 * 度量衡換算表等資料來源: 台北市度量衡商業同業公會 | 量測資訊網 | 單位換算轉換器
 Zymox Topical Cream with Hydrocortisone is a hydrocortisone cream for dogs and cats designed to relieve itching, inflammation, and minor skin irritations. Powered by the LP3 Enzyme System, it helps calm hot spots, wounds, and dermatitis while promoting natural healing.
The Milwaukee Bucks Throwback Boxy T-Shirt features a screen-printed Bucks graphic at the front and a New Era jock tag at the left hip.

--

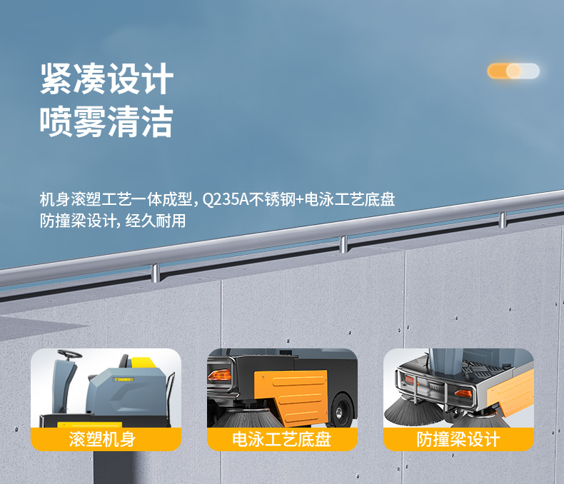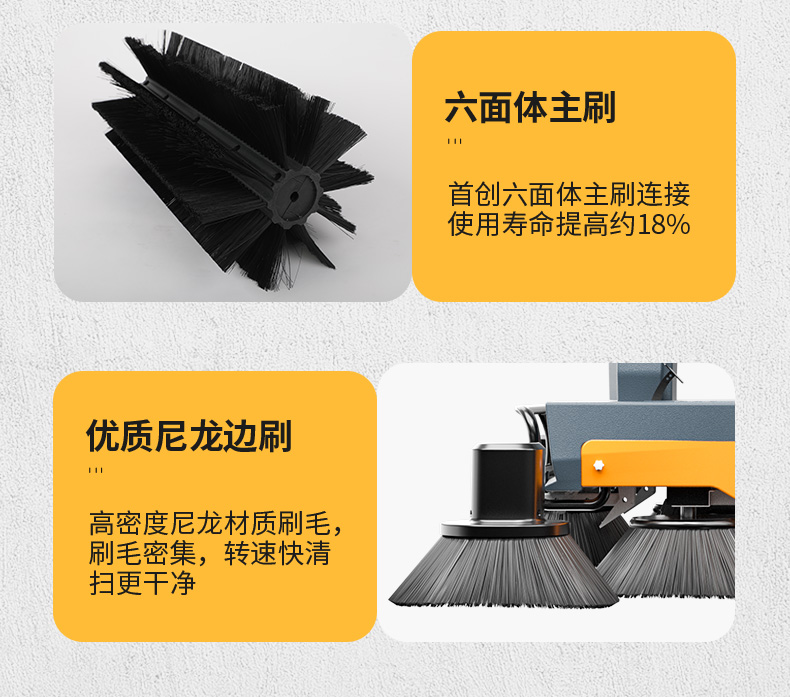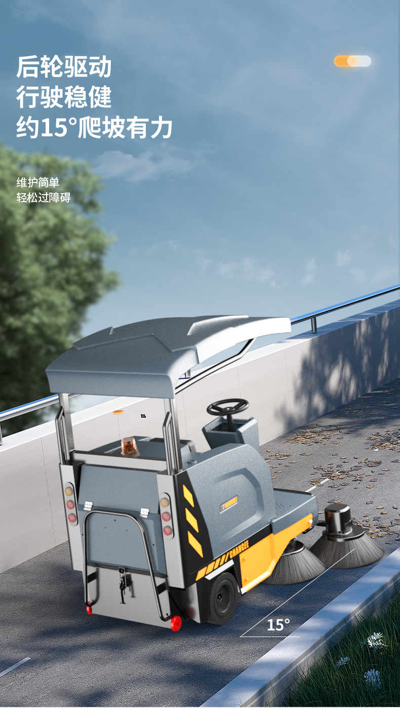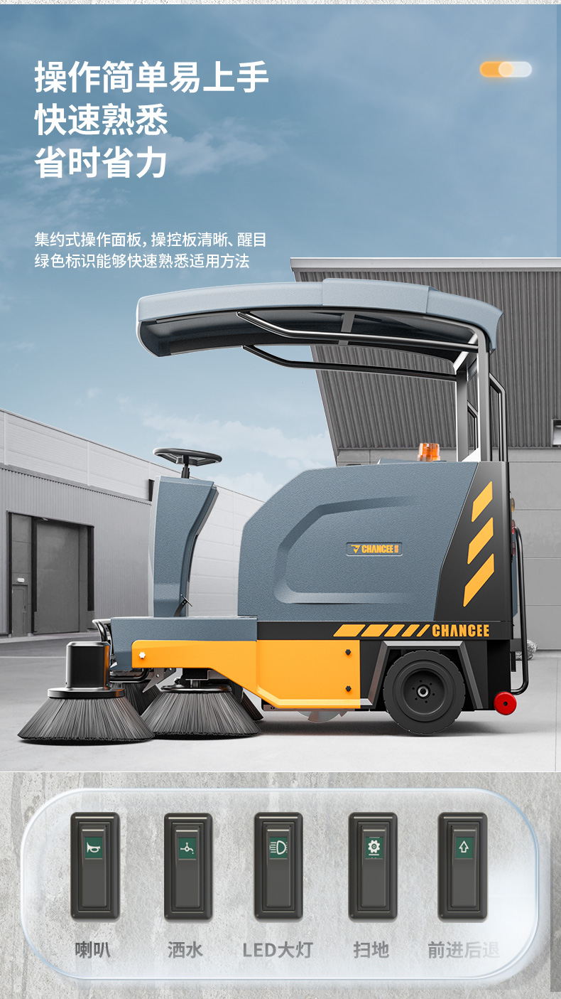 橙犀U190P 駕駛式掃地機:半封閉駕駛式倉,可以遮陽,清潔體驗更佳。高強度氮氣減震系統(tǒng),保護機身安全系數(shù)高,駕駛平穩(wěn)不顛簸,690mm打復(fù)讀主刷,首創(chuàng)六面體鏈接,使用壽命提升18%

Work order:
Please copy, exactly as written, every line in the listing above from the line with "量測資訊網 | 單位換算轉換器" up to and including the line with "The Milwaukee Bucks".

Exercise output:
 * 度量衡換算表等資料來源: 台北市度量衡商業同業公會 | 量測資訊網 | 單位換算轉換器
 Zymox Topical Cream with Hydrocortisone is a hydrocortisone cream for dogs and cats designed to relieve itching, inflammation, and minor skin irritations. Powered by the LP3 Enzyme System, it helps calm hot spots, wounds, and dermatitis while promoting natural healing.
The Milwaukee Bucks Throwback Boxy T-Shirt features a screen-printed Bucks graphic at the front and a New Era jock tag at the left hip.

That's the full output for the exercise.